Message-ID: <20181016140744.dviqn6yvm5brr2gu@pathway.suse.cz>
References: <1539405580-4569-1-git-send-email-penguin-kernel@I-love.SAKURA.ne.jp>
MIME-Version: 1.0
Content-Type: text/plain; charset=us-ascii
Content-Disposition: inline
In-Reply-To: <1539405580-4569-1-git-send-email-penguin-kernel@I-love.SAKURA.ne.jp>
User-Agent: NeoMutt/20170421 (1.8.2)
Sender: linux-kernel-owner@vger.kernel.org
Precedence: bulk
List-ID: <linux-kernel.vger.kernel.org>
X-Mailing-List: linux-kernel@vger.kernel.org

On Sat 2018-10-13 13:39:40, Tetsuo Handa wrote:
> Sometimes we want to print a whole line without being disturbed by
> concurrent printk() from interrupts and/or other threads, for printk()
> which does not end with '\n' can be disturbed.
> 
> Mixed printk() output makes it hard to interpret. Assuming that we will go
> to a direction that we allow prefixing context identifier to each line of
> printk() output (so that we can group multiple lines into one block when
> parsing), this patch introduces API for line-buffered printk() output
> (so that we can make sure that printk() ends with '\n').
> 
> Since functions introduced by this patch are merely wrapping
> printk()/vprintk() calls in order to minimize possibility of using
> "struct cont", it is safe to replace printk()/vprintk() with this API.

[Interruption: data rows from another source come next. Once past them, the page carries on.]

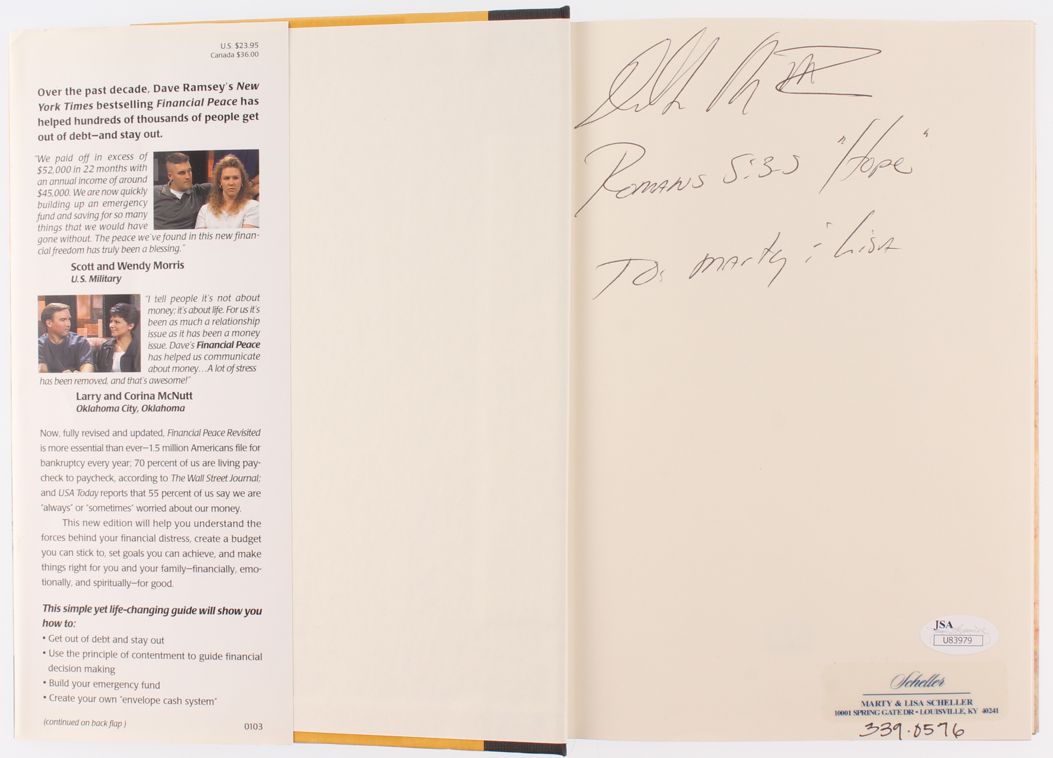 "Financial Peace Revisited" hardcover book has been hand-signed on the cover page in black ink pen by Dave Ramsey. Please note, the autograph has been personalized to Marty and Lisa.
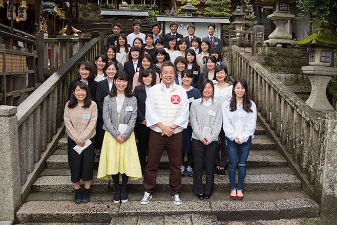 朝、新入社員たちはたねやグループのふるさと近江八幡の日牟禮ヴィレッジに集合しました。 たねやグループの会長・女将とともに日牟禮八幡宮を参拝し、ご祈祷いただきました。
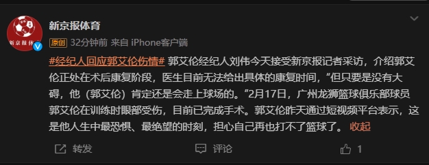 經(jīng)紀(jì)人回應(yīng)郭艾倫傷勢:正處康復(fù)階段 醫(yī)生無法給出具體康復(fù)時間
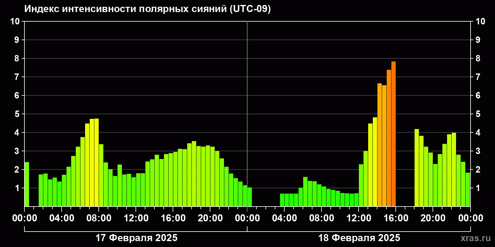 Изменения индекса интенсивности полярных сияний с 2025-02-17 по 2025-02-18 по местному времени
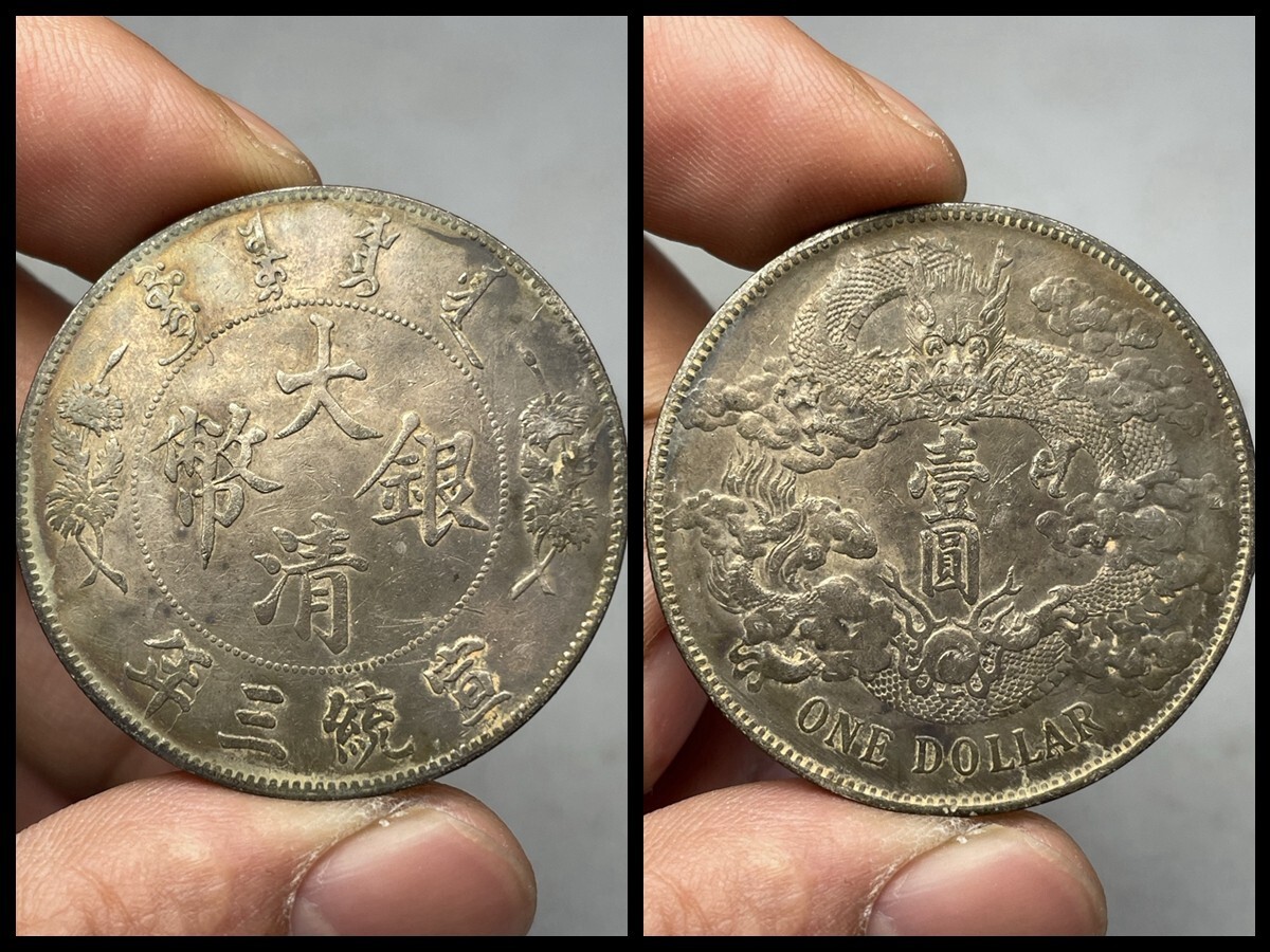 - 中国古銭 大清銀幣 宣統三年 龍戲珠紋 壹圓 銀幣 銀餅 硬貨 古賞物 旧蔵出

> diff --git a/include/linux/printk.h b/include/linux/printk.h
> index cf3eccf..f93d9c8 100644
> --- a/include/linux/printk.h
> +++ b/include/linux/printk.h
> @@ -286,6 +286,30 @@ static inline void printk_safe_flush_on_panic(void)
>  }
>  #endif
>  
> +struct printk_buffer;
> +#if defined(CONFIG_PRINTK_LINE_BUFFERED)
> +struct printk_buffer *get_printk_buffer(void);
> +void flush_printk_buffer(struct printk_buffer *ptr);
> +__printf(2, 3)
> +int buffered_printk(struct printk_buffer *ptr, const char *fmt, ...);
> +__printf(2, 0)
> +int buffered_vprintk(struct printk_buffer *ptr, const char *fmt, va_list args);
> +void put_printk_buffer(struct printk_buffer *ptr);
> +#else
> +static inline struct printk_buffer *get_printk_buffer(void)
> +{
> +	return NULL;
> +}
> +static inline void flush_printk_buffer(struct printk_buffer *ptr)
> +{
> +}
> +#define buffered_printk(ptr, fmt, ...) printk(fmt, ##__VA_ARGS__)
> +#define buffered_vprintk(ptr, fmt, args) vprintk(fmt, args)
> +static inline void put_printk_buffer(struct printk_buffer *ptr)
> +{
> +}
> +#endif

Is there any reason to allow to disable this feature?
The current cont buffer is always enabled.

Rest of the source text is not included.